In popular music, guitarists and electric bass players often read music notated in tablature, which indicates the location of the notes to be played on the instrument using a diagram of the guitar or bass fingerboard. Tabulature was also used in the Baroque era to notate music for the lute, a stringed, fretted instrument.

Generally music which is to be performed is produced as sheet music. To perform music from notation requires an understanding of both the musical style and the performance practice that is associated with a piece of music or genre. The detail included explicitly in the music notation varies between genres and historical periods. In general, art music notation from the 17th through to the 19th century required performers to have a great deal of contextual knowledge about performing styles.

For example, in the 17th and 18th century, music notated for solo performers typically indicated a simple, unornamented melody. However, it was expected that performers would know how to add stylistically-appropriate ornaments such as trills and turns.

In the 19th century, art music for solo performers may give a general instruction such as to perform the music expressively, without describing in detail how the performer should do this. It was expected that the performer would know how to use tempo changes, accentuation, and pauses (among other devices) to obtain this "expressive" performance style.

In the 20th century, art music notation often became more explicit, and used a range of markings and annotations to indicate to performers how they should play or sing the piece. In popular music and jazz, music notation almost always indicates only the basic framework of the melody, harmony, or performance approach; musicians and singers are expected to know the performance conventions and styles associated with specific genres and pieces.
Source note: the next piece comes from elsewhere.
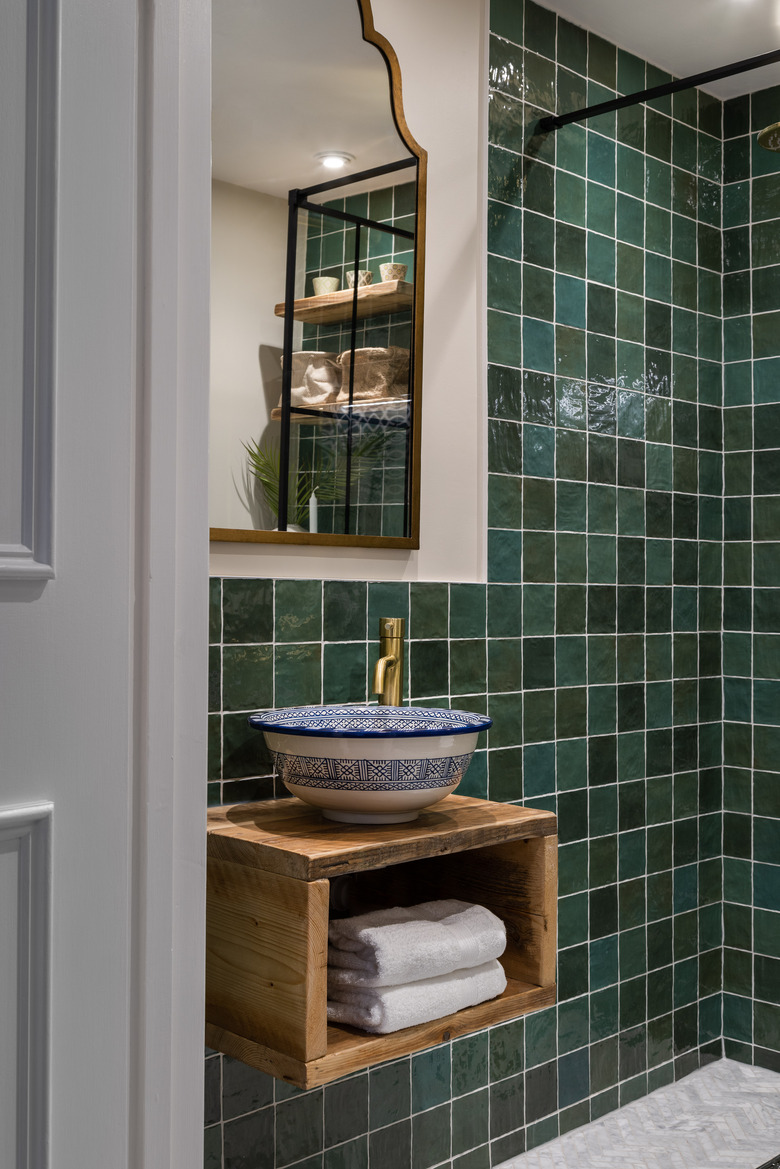While brass looks wonderful in a neutral setting, it also helps enhance an eclectic aesthetic. In fact, you could integrate brass fixtures into almost any bathroom design. Case in point: the single handle faucet in this Moroccan-inspired washroom from Topology. It works beautifully with the emerald green tiles, wood vanity, and ornate basin sink.

For example, the "lead sheet" for a jazz tune may only indicate the melody and the chord changes. The performers in the jazz ensemble are expected to know how to "flesh out" this basic structure by adding ornaments, improvised music, and chordal accompaniment.
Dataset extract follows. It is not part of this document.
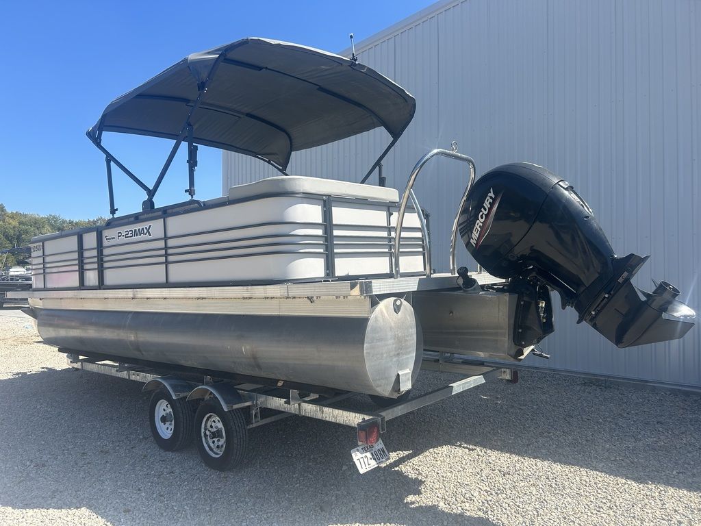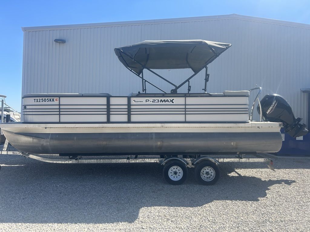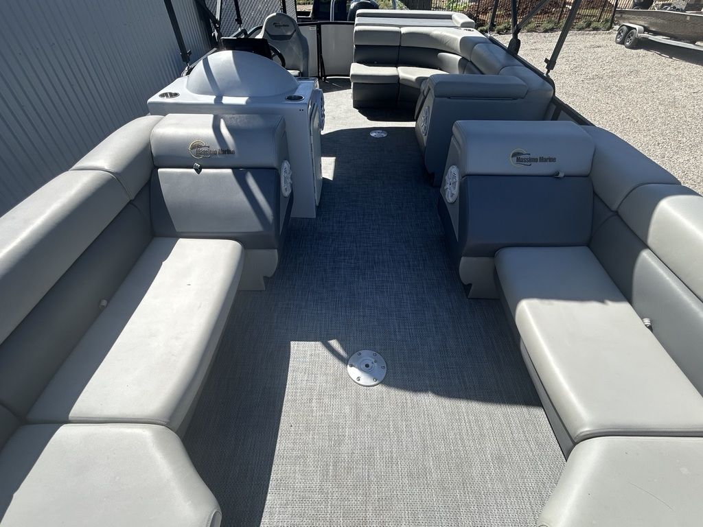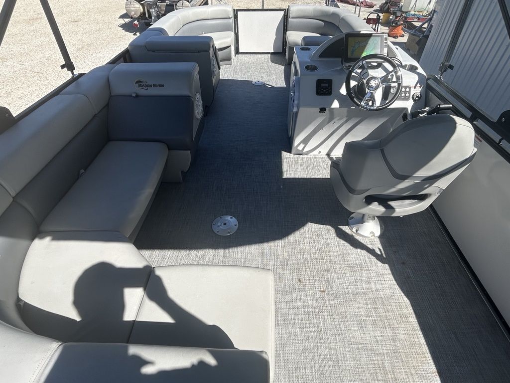 The 2021 Massimo P23 MAX is a 23-foot luxury pontoon boat manufactured in Garland, Texas, designed for day-cruising and watersports, featuring a Mercury Marine outboard engine, BOSS Audio sound system, ample seating for up to 11 people, and a shallow draft suitable for freshwater use. Specific configurations, like the P23-MAX Limited Edition, include features such as a pop-up changing station, RGB lighting, and a full boat cover.

Improvisation, interpretation, composition

Most cultures use at least part of the concept of preconceiving musical material, or composition, as held in western classical music. Even when music is notated precisely, there are still many decisions that a performer has to make. The process of a performer deciding how to perform music that has been previously composed and notated is termed interpretation.

Different performers' interpretations of the same music can vary widely. Composers and song writers who present their own music are interpreting, just as much as those who perform the music of others or folk music. The standard body of choices and techniques present at a given time and a given place is referred to as performance practice, where as interpretation is generally used to mean either individual choices of a performer, or an aspect of music which is not clear, and therefore has a "standard" interpretation.
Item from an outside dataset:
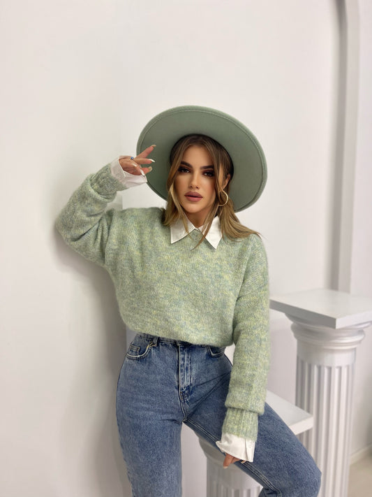 Pulover e shkurter me jake rrethore me menge te gjata, me doreza ne pjesen e...

In some musical genres, such as jazz and blues, even more freedom is given to the performer to engage in improvisation on a basic melodic, harmonic, or rhythmic framework. The greatest latitude is given to the performer in a style of performing called free improvisation, which is material that is spontaneously "thought of" (imagined) while being performed, not preconceived. According to the analysis of Georgiana Costescu, improvised music usually follows stylistic or genre conventions and even "fully composed" includes some freely chosen material (see precompositional). Composition does not always mean the use of notation, or the known sole authorship of one individual.

Music can also be determined by describing a "process" which may create musical sounds, examples of this range from wind chimes, through computer programs which select sounds. Music which contains elements selected by chance is called Aleatoric music, and is often associated with John Cage and Witold Lutosławski.

Composition

Musical composition is a term that describes the composition of a piece of music. Methods of composition vary widely from one composer to another, however in analyzing music all forms -- spontaneous, trained, or untrained -- are built from elements comprising a musical piece. Music can be composed for repeated performance or it can be improvised; composed on the spot. The music can be performed entirely from memory, from a written system of musical notation, or some combination of both. Study of composition has traditionally been dominated by examination of methods and practice of Western classical music, but the definition of composition is broad enough to include spontaneously improvised works like those of free jazz performers and African drummers.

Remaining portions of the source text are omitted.